Перебрасываемся еще несколькими фразами, и полковник, сняв трубку телефона, очевидно затем, чтобы доложить о вражеских танках, обращается к майору:
— Отвезите его немедленно на моей машине в медсанбат.
Мы прощаемся. Выходим с майором из землянки.
— А танкистам на фронте, дорогой мой, еще тяжелее, чем вам, летчикам, говорит майор и осторожно берет меня под руку.
— Один из нас погиб… Но не знаю, кто, — сообщаю ему.

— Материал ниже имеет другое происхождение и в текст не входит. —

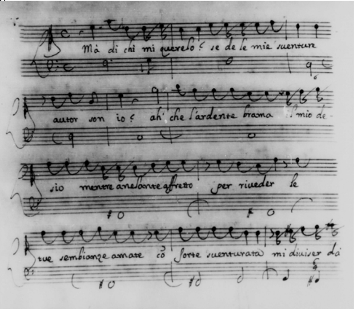
Figure 3: F-Pn D.11857, f.180: L'Orfeo , Recitative 5, f.180.

The scribe of L'Orfeo in F-Pn D.11857, though much less well known and thus far undocumented in Scarlatti source study, has nonetheless an equal claim to be considered as a copyist who worked from the composer's material. There is one cantata in this manuscript which may be checked against the autograph, La beltà ch'io sospiro (see above, Fn.6). In every particular of figuring, clef changes (bass / tenor clef in the bass part) and other indications, this copyist's reading in F-Pn D.11857 /17 matches that of the autograph—a remarkable case of exact copying given that the composer's extremely full figuring was almost invariably reduced by subsequent copyists of his music. The other extant copy of La beltà ch'io sospiro , in GB-Lbl 29249, ff.68–75, matches the autograph less closely, with added vocal slurs, some figures missed, and a missing tempo indication, so that the Pn copy cannot be considered a derivative of this source. It is most likely that the copy in F-Pn D.11857 was copied from the composer's autograph. The page of recitative (Fig. 3) shows the characteristic C clef and stave brace of this copyist.
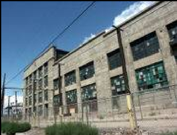
Second Street façade of machine shops
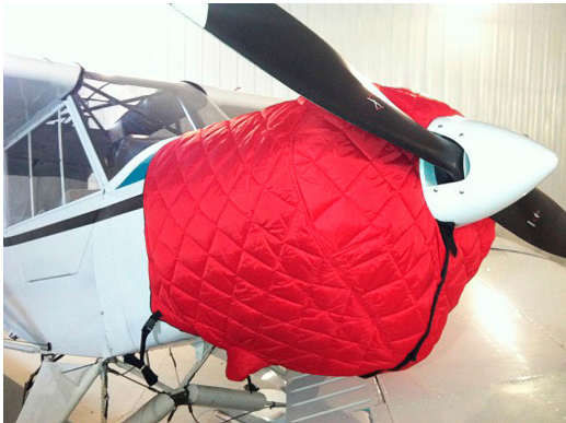
Piper Super Cub Insulated Engine Cover

This cover type is made from Silver Acrylic Sunbrella canvas and is 100% lined with a soft and smooth microfiber. Bruce's Custom Covers developed this material combination especially for aircraft protection. The outer material is medium weight and treated for water resistance, UV resistance and anti-static buildup. The inner lining is a very soft and smooth microfiber to prevent scratching. The material is very reflective, and tests show that the cabin interior temperature can be reduced to near-ambient temperature on the hottest of days. It is water, ice and snow repellent, yet breathable to allow moisture to escape from between the cover and the aircraft surface.
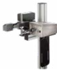
COPILLOT 128 Hi-Res Printing System
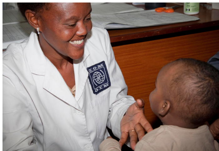
An IOM nurse in Nairobi provides vaccinations against measles.

Anonymized information can be analyzed to support the development of evidence-based policy and practices, to raise awareness of migrant health priorities and to contribute to the evidence base on refugee and migrant health.
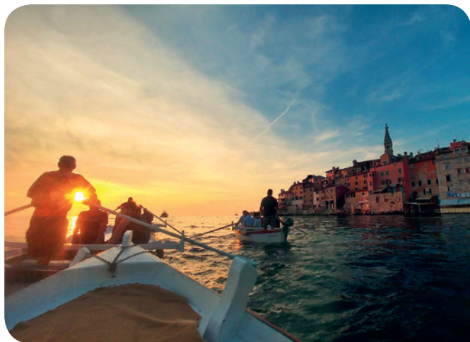
Batana boat parade

the typical Rovinj tavern, and since then, it has been a venue for wine and food tastings and musical evenings. This is the place which perfectly pairs Malvazija, Teran, olive oil, fish and seafood with the typical and distinctive melodies of Rovinj.
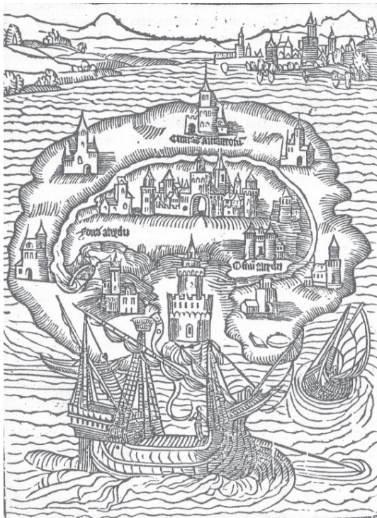
▲ Figure 1. First image of “utopia” from the publishing in the city of Leuven in 1516 (Bruce, 1999, 130)
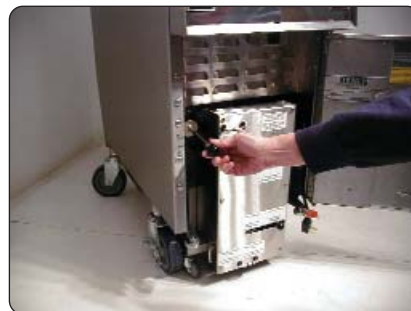
6. Turn fryer off. Slowly drain oil by pulling the drain handle forward (oil must be between 250°-300°.)
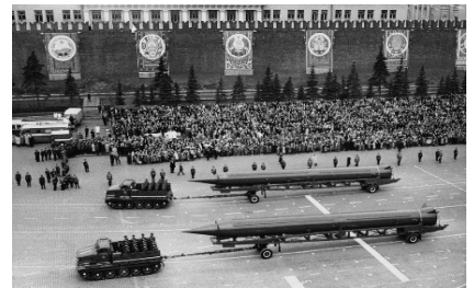
Soviet Union show of military strength in Red Square in 1961

Eric Schlosser's book, "Command and Control", is a fascinating insight into the history of nuclear weapons in the US and globally. Schlosser takes us back to the great arms race between America and the Soviet Union beginning in the 1950's. Broadly speaking, the general consensus from military and political leaders was that the real power of nuclear weaponry was in possessing them and making sure that your opponents are aware you have them, NOT actually using them. History may not always repeat but it does often rhyme and during the quarter we met with experts in this field including Stephen Hadley (21st US National Security Advisor) and Max Baucus (US Ambassador to China 2014 – 2017).
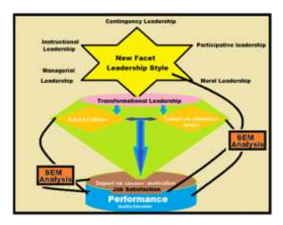
Figure 1 Leadership and Job Satisfaction Conceptual Framework for the Mauritian Education System
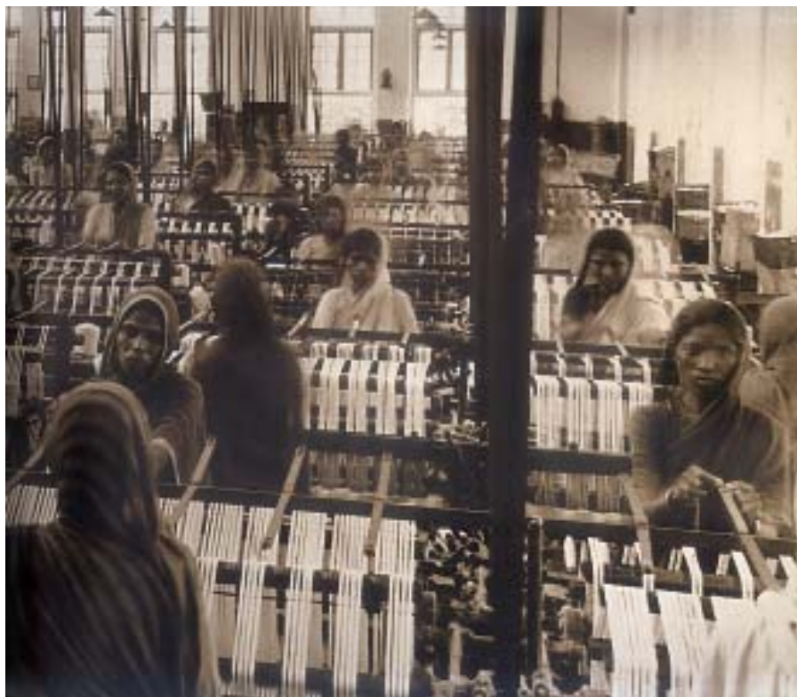
Fig. 10 – Workers in a cotton factory, circa 1900, photograph by Raja Deen Dayal

The first cotton mill in India was set up as a spinning mill in Bombay in 1854. From the early nineteenth century, Bombay had grown as an important port for the export of raw cotton from India to England and China. It was close to the vast black soil tract of western India where cotton was grown. When the cotton textile mills came up they could get supplies of raw material with ease.

— Сейчас узнаем подробности, — ответил майор и пошел за «эмкой».
Я присел на ящик из-под снарядов и стал ждать. В это время ко мне подошел какой-то капитан. Я увидел на его груди парашютный знак с подвеской «250» и спросил:
— Вы видели, как мы прыгали?
— Видел.
— Расскажите…
Хорошо знающий свое дело парашютист-инструктор рассказывает о том, что он видел. Больно слышать: один наш товарищ запутался в стропах парашюта и погиб. А в это время из-за землянки появилась группа солдат. Они несут погибшего на развернутом парашюте. Кто?.. Сейчас узнаю, кто погиб. Сержант протягивает мне комсомольский билет, платок и смятый портсигар. Беру все это. Быстро раскрываю комсомольский билет. Читаю: «Сухарев Симон Иванович…» Мне стало вдруг жарко, так же, как в кабине горящего самолета. Ничего не говоря, я смотрю на солдат.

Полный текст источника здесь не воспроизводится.